- [WHAT IS REQUIRED] Repeat the following data exactly, omitting pictures.

- [DATASET EXCERPT]

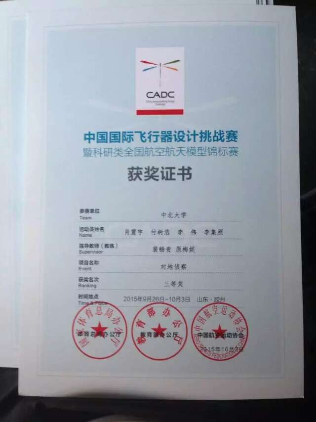 中国国际飞行器设计挑战赛暨科研类全国航空航天模型锦标赛CADC“2015”是由国家体育总局、教育部、中国国际飞行器设计挑战赛组委会共同主办的一项大型国家级赛事,于2015年9月26-10月3日在山东胶州顺利召开。该比赛吸引了清华、北航、北理工、西工大、西交大、南航等100余所高校参赛。山西省参加的高校有av影片
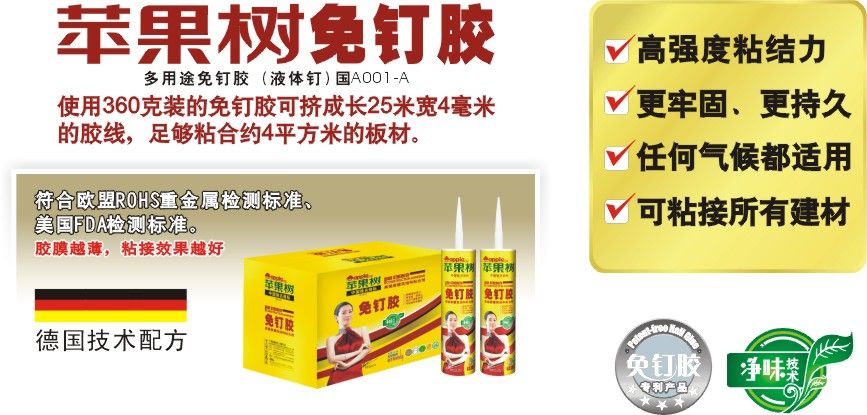 苹果树免钉胶,采用了先进的 “IPS+(新型聚合体合成工艺)”技术,大幅度降低产
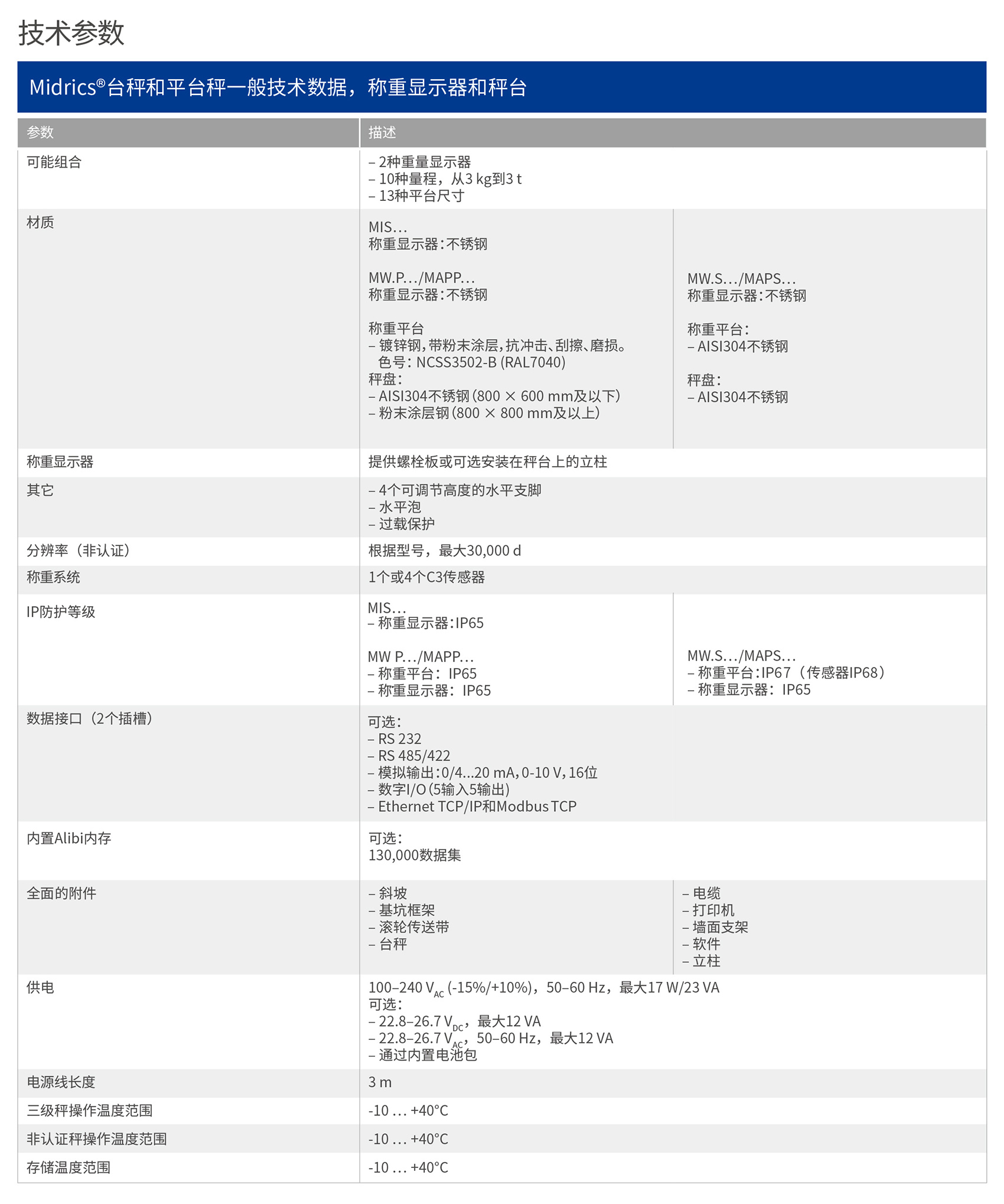 茵泰科Midrics®台秤和平台秤

- [RESULT]
 中国国际飞行器设计挑战赛暨科研类全国航空航天模型锦标赛CADC“2015”是由国家体育总局、教育部、中国国际飞行器设计挑战赛组委会共同主办的一项大型国家级赛事,于2015年9月26-10月3日在山东胶州顺利召开。该比赛吸引了清华、北航、北理工、西工大、西交大、南航等100余所高校参赛。山西省参加的高校有av影片
 苹果树免钉胶,采用了先进的 “IPS+(新型聚合体合成工艺)”技术,大幅度降低产
 茵泰科Midrics®台秤和平台秤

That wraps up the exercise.